Winning compensation following an accident requires proof of negligence – but there are very rare exceptions to that rule and one of them concerns the legal liabilities of animal owners. In a Court of Appeal case, a motorist who was badly injured in a collision with a bullock won the right to damages from a farmer, although there had been no lack of care on the latter’s part.

The bullock had been bought at auction the day before the accident. It managed to jump a six-foot fence, despite weighing the best part of half a ton, and careered onto a trunk road about a mile and a half away. The animal died in the ensuing collision and the motorist’s car was severely damaged. There was no suggestion that he was in any way to blame for the accident, of which he had no memory due to traumatic amnesia, and his lawyers claimed £50,000 in damages on his behalf.

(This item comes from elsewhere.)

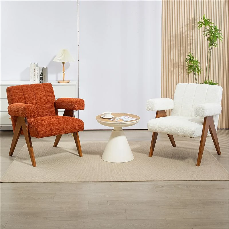 Creamy Minimalist Solid Wood Modern Single Sofa Chair - Cozy Lounge Chair for Living Room, Designer's Choice for Airbnb, Featuring Lambswool Fabric Perfect for Balcony and Socializing.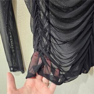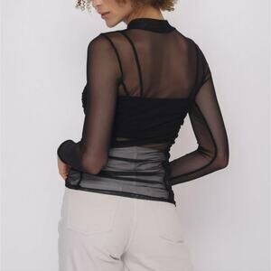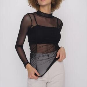 The Just Float Ruched Mesh Long Sleeve takes on casual chic with minimal effort. This long sleeve is made in a super soft and stretchy mesh fabric that moves with you. Featuring a mock neck silhouette with flattering front and back ruching. Complete the look with a cropped tank or sexy bralette (NOT INCLUDED) and just like that, you'll be date night ready.

Following a trial, a judge cleared the farmer of negligence. He had followed the book in feeding and watering the bullock overnight before letting it out into the field. The fence was entirely appropriate and his care of the animal had been impeccable. There was nothing inherently dangerous about the bullock, which had shown surprising athleticism in jumping the fence.

The farmer had died since the accident, but his estate was found liable to compensate the motorist under the Animals Act 1971. That was on the basis that the damage caused was of a kind that such a large animal was likely to cause unless restrained. As an experienced beef farmer, he would have been aware that cattle of the breed concerned tended to behave wholly unpredictably when frightened. The amount of the motorist’s compensation remains to be assessed.